Designer: New Trail Unlike Any Other
The new Pineville Bike Park and the addition of a new walking/ bike trail represent a “giant leap in the right direction” for McDonald County, John Hunter said.
Hunter’s company, Progressive Bike Ramps, designed the bike park and trail. He’s encouraged about the attention both are garnering.
“It seems that people from all over the four-state area are making their way to Pineville to check out the bike park,” Hunter said. “Once the word gets out about the new unique pump trail, it will certainly get national attention from bikers and skaters who will want to make it part of their trip anytime they get even close to the area,” Hunter said.
The bike park opened July 10. Now, crews are finished with the new trail and a date will be set soon to celebrate its opening. The Pineville City Council coupled its efforts with many in the community to bring the amenities to the area.

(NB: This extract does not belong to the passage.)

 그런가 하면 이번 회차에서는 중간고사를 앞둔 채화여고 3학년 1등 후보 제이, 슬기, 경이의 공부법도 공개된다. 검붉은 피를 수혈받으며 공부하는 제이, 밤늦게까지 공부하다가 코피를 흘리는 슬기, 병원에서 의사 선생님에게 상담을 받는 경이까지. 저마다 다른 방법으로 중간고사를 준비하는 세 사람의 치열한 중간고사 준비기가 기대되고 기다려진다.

Hunter said the new asphalt trail is a specially designed trail not found elsewhere.
“This type of linear pumpable trail does not exist anywhere else that I can think of,” Hunter said. “Many cities have pump tracks that are contained loops — but I don’t know of any that have a directional pump trail like the one in Pineville,” he said.
The first part of the trail is flat,
until a biker or walker rounds the corner and heads downhill. “That’s when it gets fun,” Hunter said.

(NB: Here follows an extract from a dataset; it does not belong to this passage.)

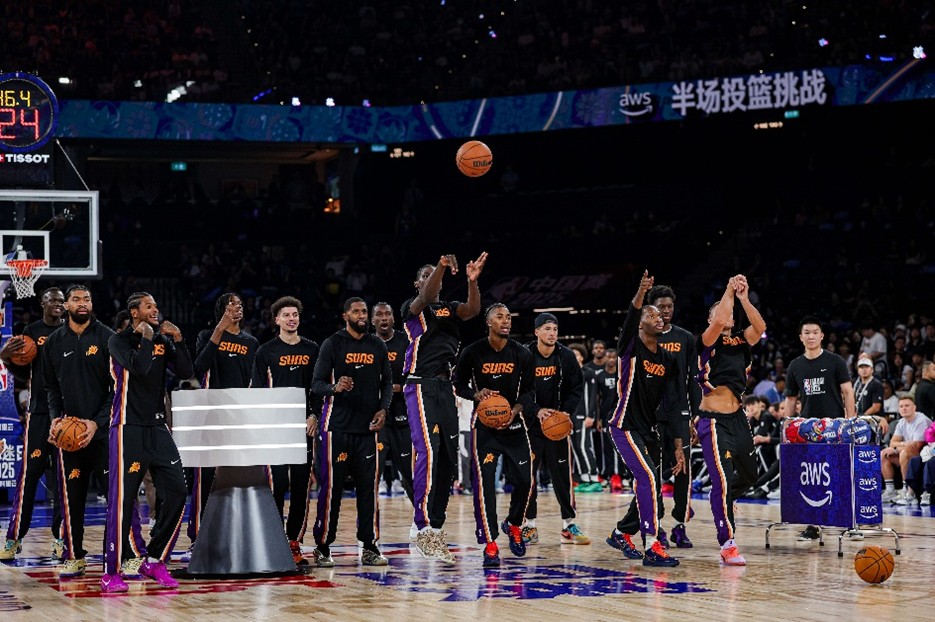 图片说明:金沙中国有限公司于10月11日在威尼斯人综艺馆隆重举办NBA球迷日2025。布鲁克林篮网队及凤凰城太阳队的球员现身活动现场,与球迷进行一系列互动挑战,展现NBA与篮球运动的魅力。

The trail features rollers that walkers can easily negotiate. But bikers can use them to propel themselves down the trail by pumping.
The trail also features a jumpline, a 100 yard-long series of rollers and kickers, which is constructed so that a rider can “get air” and ramp from one section to the other.
Intermediate to advanced riders will find that aspect a lot fun.
Beginning riders also can take on the jumpline, but probably won’t be catching air, Hunter added.
The jumpline also has a walkable bypass for pedestrians.
After the jumpline section ends, riders can enjoy the trail with rollers that have more space between them.
The construction project incurred a few challenges, as to be expected with any large endeavor.
“The soil on the site was great if you were a farmer — but not so great for compacting to build a trail,” Hunter said. “This meant we had to bring in quite a bit more sub-base than originally planned.”
Crews addressed a few areas where water drained across the trail. One such area was built up, then finished off with a new 12-foot-long steel bridge with cedar decking.
The specialty crew that worked on the trail previously contracted work for former NFL quarterback David Carr.
With all the hard work complete, officials will open the new trail soon.
When that happens, Hunter believes the new amenities will continue to draw people to the area.
“If McDonald County continues to invest in quality recreational experiences and infrastructure, more people will start to look north from Bentonville and south from Joplin to visit and even relocate,” he said.
City employees work to build an embankment around the pump track portion of the Pineville Bike Trail last week. When completed, the trail will extend from the Bike Park near Sugar Island to the heart of Pineville.